Вспомнила я сейчас, что у нашего Баадера, которым мы с тобой когда-то занимались, было учение о трех временах, и одно из них — ниже времени. Должно быть, это об этом и было — то есть, если откажешься от «общего дела», от участия в Христовой жертве и творчестве, не растянешься во времени, тогда тоже выйдешь из времени, но это будет не победой над ними, а «подвременьем», по Баадеру. Так ведь? Видишь ли, я не совсем единомышленница федоровцев (да и знаю я очень немногих и не с каждым из них созвучна, согласна только краешком существа своего), но правда, что в общем с ними вольнее дышится и все вопросы затрагиваются более по существу, чем с людьми других толков. Потом ценю их корневую русскость, их отношение к православию. Образ же самого старика Федорова вызывает во мне какое-то национальное волнение!
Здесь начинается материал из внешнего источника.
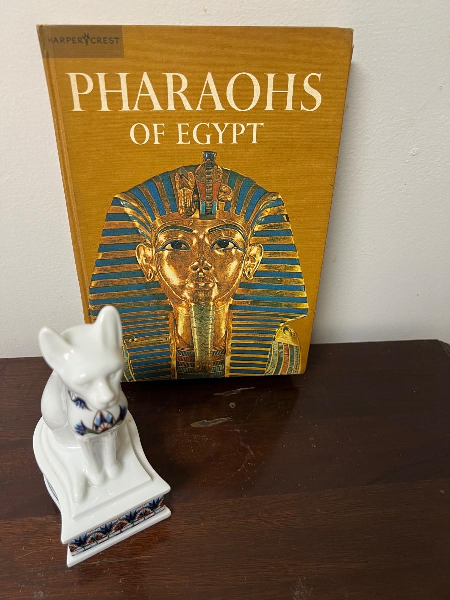 pharaohs of Egypt lot, includes pharaohs of Egypt book, treasures of the pharaohs by Elizabeth arden trinket dish, as pictured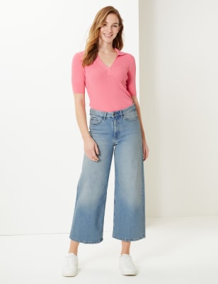 High Waist Wide Leg Cropped Jeans M S Collection M S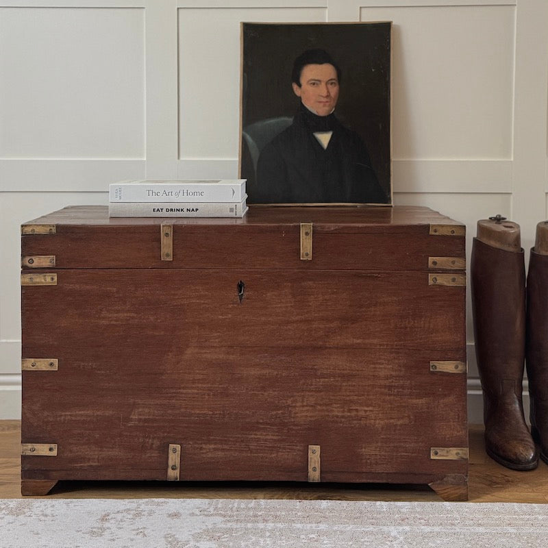 Designed in the traditional campaign style – made for travel and durability – this chest combines robust functionality with timeless character. Its rich teak grain and aged patina tell a story of heritage, while the brass detailing enhances its authentic military-inspired design.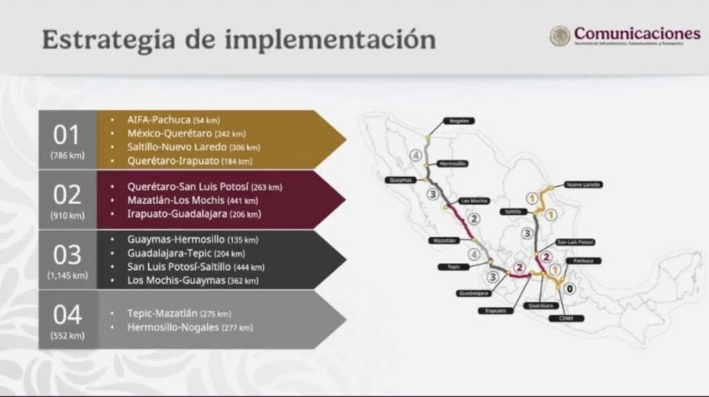 Esta realización contará de 4 fases en donde los trabajos para el estado estarían contemplados en la fase 2 y 3. Cabe recordar que las rutas que se tienen contempladas desarrollar son CDMX a Nogales, Sonora; CDMX a Laredo, Tamaulipas y el Tren Maya de carga.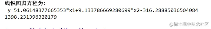 print('线性回归方程为:', '\n', result) # 输出线性回归方程

Мне трудно остановиться, друг дорогой, так бы говорила и говорила с тобою. Но письмо и без того слишком длинно. Но ты ответишь мне, правда? Обнимаю с большой нежностью всех твоих.

Вчера получила от имени Льва Исааковича деньги. Знаю, что все вы участвовали в посылке их, и благодарю горячо всех. Смогу их употребить на одно важное и радостное мне дело.

Мысль и память о тебе — для меня неизменно радость и стимул к внутреннему творчеству. Ничто из того, что дано тобою, не забыто, не потеряно. Твоя с любовью. Евгения.

По преимуществу, предпочтительно (франц.).

Письма Евгении Герцык 665

К Лидии Юдифовне БЕРДЯЕВОЙ

28 окт<ября 1923, Судак>.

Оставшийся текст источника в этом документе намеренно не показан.